The Hanover Insurance Group Inc. reported a net loss of $9.7 million for the third quarter of 2011, driven mostly by catastrophe losses of $64.7 million after tax.
The Hanover’s net income for the same period in 2010 was $52.3 million.
The third quarter 2011 combined ratio for Hanover was 106.8 percent, however, excluding catastrophe the combined ratio was 97.0 percent.
Net premiums written surpassed $1 billion, 30.8 percent higher than the prior-year quarter, Hanover reported. The insurer said net premiums written grew 5.6 percent in commercial lines with $222.3 million in net premiums written coming from the Chaucer acquisition this year. The third quarter 2011 results include the operations of Chaucer from July 1, 2011.
Segment loss before interest expense and taxes was $7.6 million in the third quarter of 2011, which included $99.6 million in catastrophe losses. In the third quarter 2010, the company reported segment income before interest expense and taxes of $79.2 million, which was impacted by $24.1 million in catastrophes losses.

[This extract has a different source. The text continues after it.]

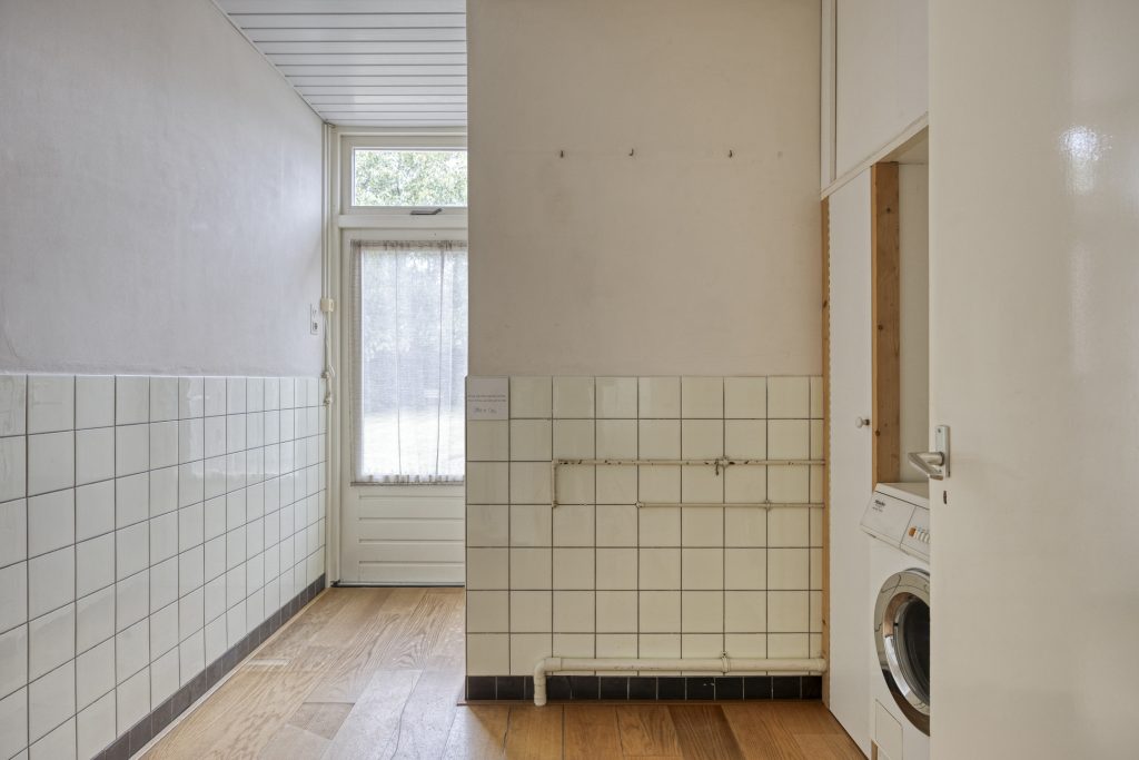 Aan de keuken ligt de bijkeuken met een vaste kast, wasmachine aansluiting en een doucheruimte met douchebak en wastafel.

“While our bottom line in the quarter was largely defined by catastrophes, particularly Hurricane Irene, and unusually bad weather, we have continued to improve and diversify our business. Our strong capital base and the progress we have made on our strategic priorities position us very well to take advantage of future market opportunities,” said Frederick H. Eppinger, CEO at The Hanover.